** MATERIAL PROVIDED follows **

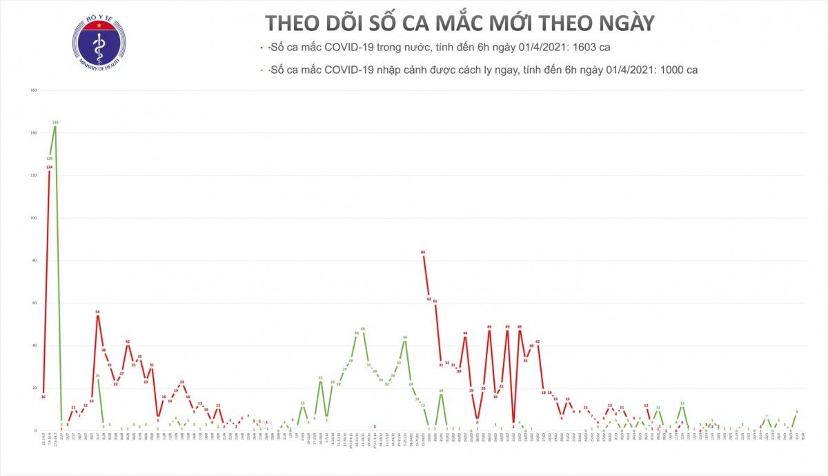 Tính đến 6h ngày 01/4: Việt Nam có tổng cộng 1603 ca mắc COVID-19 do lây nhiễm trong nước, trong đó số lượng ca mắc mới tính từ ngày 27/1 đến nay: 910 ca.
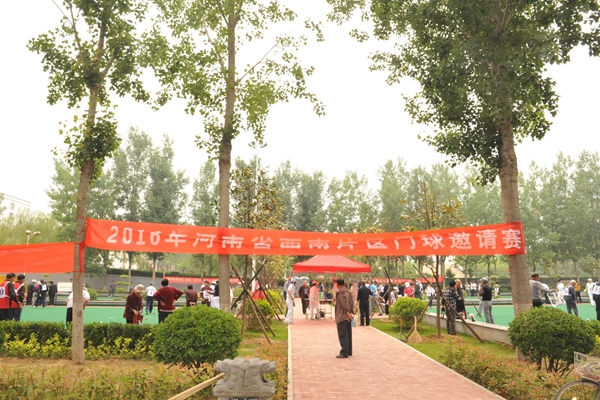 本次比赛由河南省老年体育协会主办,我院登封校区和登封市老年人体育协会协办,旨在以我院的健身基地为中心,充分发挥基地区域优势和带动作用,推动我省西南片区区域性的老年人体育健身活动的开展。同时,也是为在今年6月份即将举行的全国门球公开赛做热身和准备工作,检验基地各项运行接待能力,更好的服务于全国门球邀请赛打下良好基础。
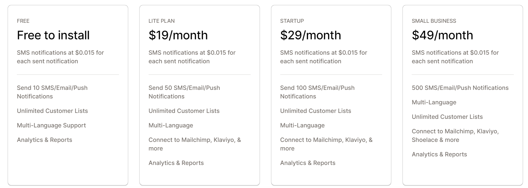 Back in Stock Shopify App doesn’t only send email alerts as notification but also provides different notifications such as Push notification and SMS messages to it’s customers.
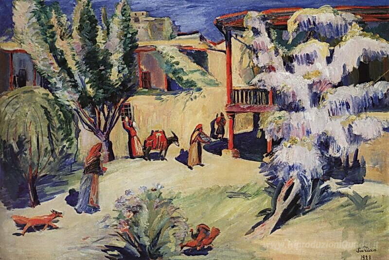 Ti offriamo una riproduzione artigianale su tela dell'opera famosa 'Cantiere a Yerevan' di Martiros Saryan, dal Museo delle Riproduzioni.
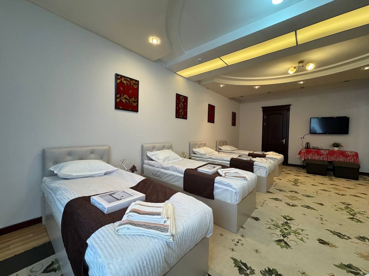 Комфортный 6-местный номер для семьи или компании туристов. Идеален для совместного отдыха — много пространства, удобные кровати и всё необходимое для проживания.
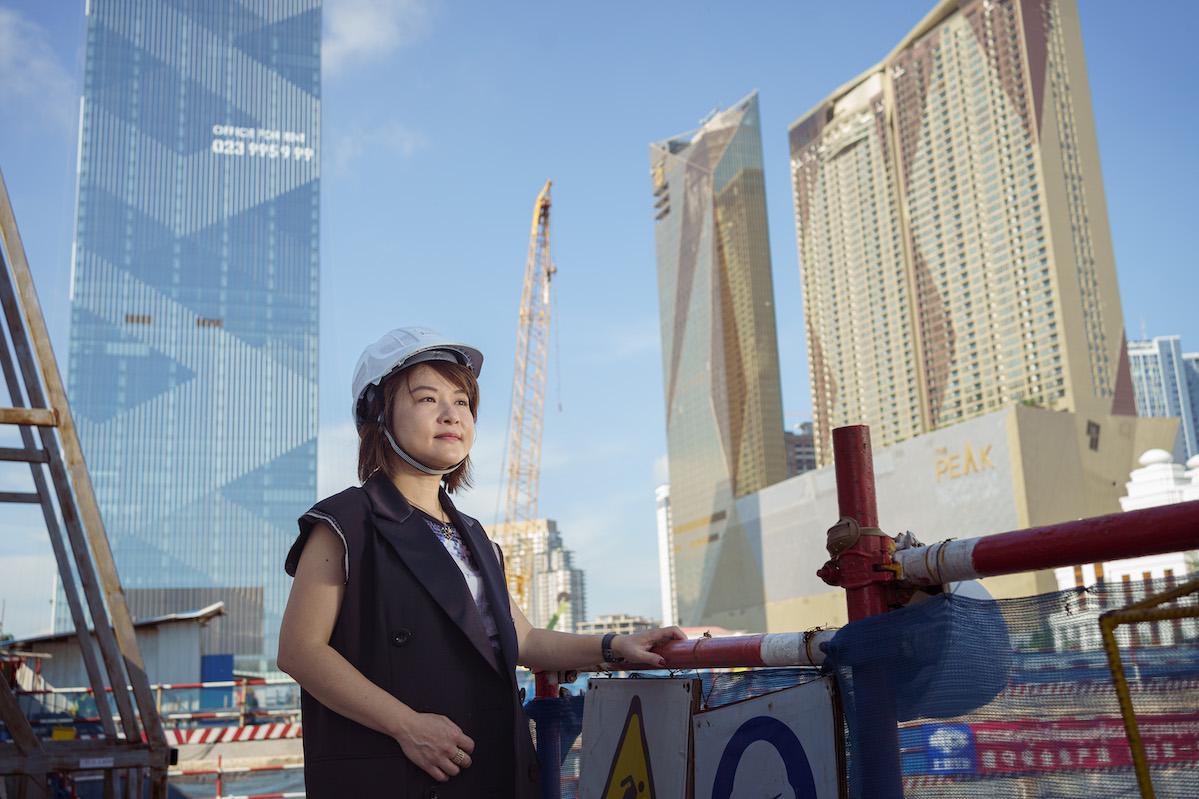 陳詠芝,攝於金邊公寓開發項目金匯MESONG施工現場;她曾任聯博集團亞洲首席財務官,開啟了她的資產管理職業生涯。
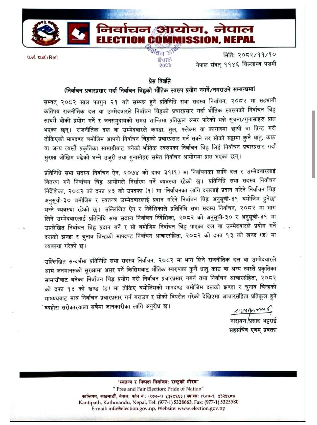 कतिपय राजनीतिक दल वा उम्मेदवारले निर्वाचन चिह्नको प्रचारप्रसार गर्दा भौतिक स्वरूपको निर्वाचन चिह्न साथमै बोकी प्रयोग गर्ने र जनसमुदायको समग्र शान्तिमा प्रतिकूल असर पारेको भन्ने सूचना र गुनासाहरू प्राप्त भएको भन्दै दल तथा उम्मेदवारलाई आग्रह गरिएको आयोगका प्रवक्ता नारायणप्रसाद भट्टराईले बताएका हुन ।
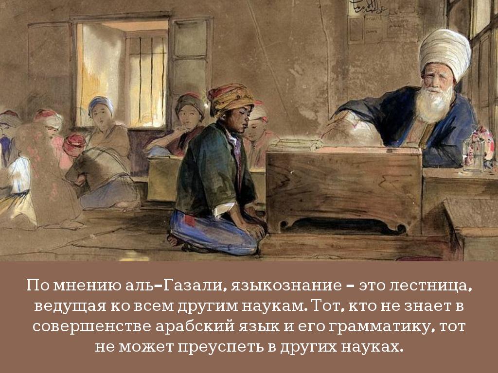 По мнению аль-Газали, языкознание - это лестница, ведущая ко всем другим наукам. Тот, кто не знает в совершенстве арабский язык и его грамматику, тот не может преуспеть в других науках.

** End of MATERIAL PROVIDED **

• **THE PROBLEM**: Your output should consist solely of the lines from the line containing "Back in Stock" through the end of the data above, copied exactly, with images removed.

• **ANSWER AREA**:
 Back in Stock Shopify App doesn’t only send email alerts as notification but also provides different notifications such as Push notification and SMS messages to it’s customers.
 Ti offriamo una riproduzione artigianale su tela dell'opera famosa 'Cantiere a Yerevan' di Martiros Saryan, dal Museo delle Riproduzioni.
 Комфортный 6-местный номер для семьи или компании туристов. Идеален для совместного отдыха — много пространства, удобные кровати и всё необходимое для проживания.
 陳詠芝,攝於金邊公寓開發項目金匯MESONG施工現場;她曾任聯博集團亞洲首席財務官,開啟了她的資產管理職業生涯。
 कतिपय राजनीतिक दल वा उम्मेदवारले निर्वाचन चिह्नको प्रचारप्रसार गर्दा भौतिक स्वरूपको निर्वाचन चिह्न साथमै बोकी प्रयोग गर्ने र जनसमुदायको समग्र शान्तिमा प्रतिकूल असर पारेको भन्ने सूचना र गुनासाहरू प्राप्त भएको भन्दै दल तथा उम्मेदवारलाई आग्रह गरिएको आयोगका प्रवक्ता नारायणप्रसाद भट्टराईले बताएका हुन ।
 По мнению аль-Газали, языкознание - это лестница, ведущая ко всем другим наукам. Тот, кто не знает в совершенстве арабский язык и его грамматику, тот не может преуспеть в других науках.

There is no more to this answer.